A first thread: and the detection thread outputs the detected object target frame and the detected type by detecting the input video frame. In one embodiment, in response to an input video frame, objects in the video frame are detected by a target detection algorithm and a target frame and class of the objects are output. Illustratively, the video frame is detected by using One-Stage algorithm, Two-Stage algorithm or Anchor-free algorithm.

A second thread: and the tracking thread is used for tracking the target frame through matching of the target feature points. In one embodiment, the target frame of the previous frame includes feature points x1, x2, x3, whose coordinates in the previous frame are a, b, c, respectively, and the coordinates of the feature points x1, x2, x3 in the current frame are a ', b', c ', respectively, and the displacement and scale of the target frame of the current frame and the target frame of the previous frame are calculated by calculating the displacement and scale of a, b, c and a', b ', c', respectively, thereby obtaining the target frame of the current frame.

A third program: and the motion analysis thread extracts the characteristic points of the initial frame and outputs the characteristic points of each frame of video frame by tracking. In one embodiment, feature point extraction is performed using Harris (a corner detection algorithm), FAST (feature From estimated Segment Test), or GFTT (goodfeaturetotrack, a feature point extraction algorithm). In one embodiment, the feature point tracking of the previous frame is implemented by using an optical flow tracking algorithm, and for example, the feature point tracking of the previous frame is implemented by using a Lucas-Kanade (an optical flow tracking algorithm) optical flow algorithm.

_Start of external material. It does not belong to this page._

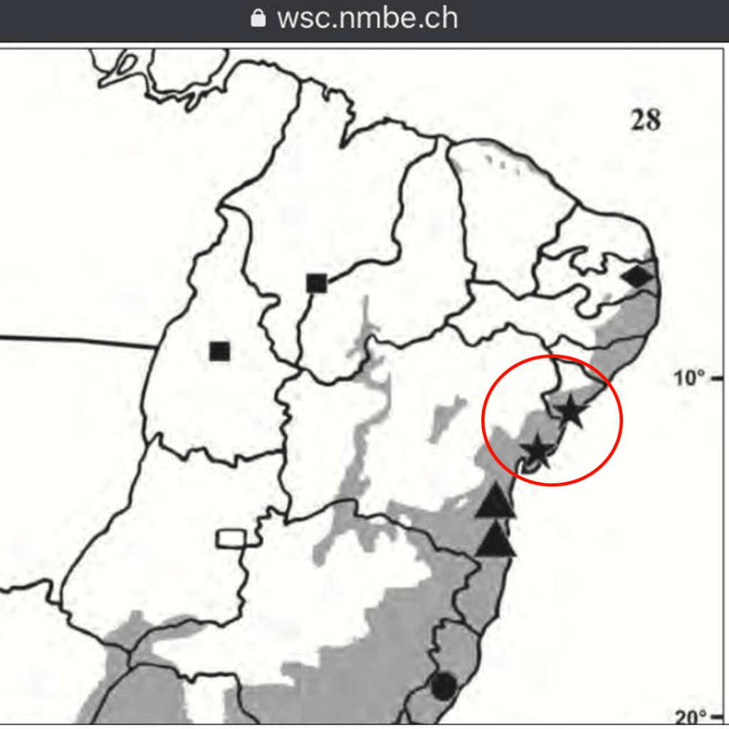 Area de ocorrência: Bahia e Sergipe – Brasil (devido ao estudo limitado e à impossibilidade de localizar, sua verdadeira extensão de distribuição ainda é desconhecida).

Fig. 1 shows a block diagram of a multi-target detection and tracking system according to an exemplary embodiment of the present application. The multi-target detection tracking system is provided with three processing threads, wherein a first thread 121 is used for detecting a target of an extraction frame to obtain a detection target frame of the extraction frame; the second thread 122 is configured to track a motion trajectory of a target frame in a previous frame, and obtain a target frame of a current frame by combining a detected target frame of an extracted frame; the third thread 123 is configured to perform feature point extraction on the initial frame to obtain feature points on the initial frame, and track feature points of the previous frame to obtain feature points of the current frame (each frame).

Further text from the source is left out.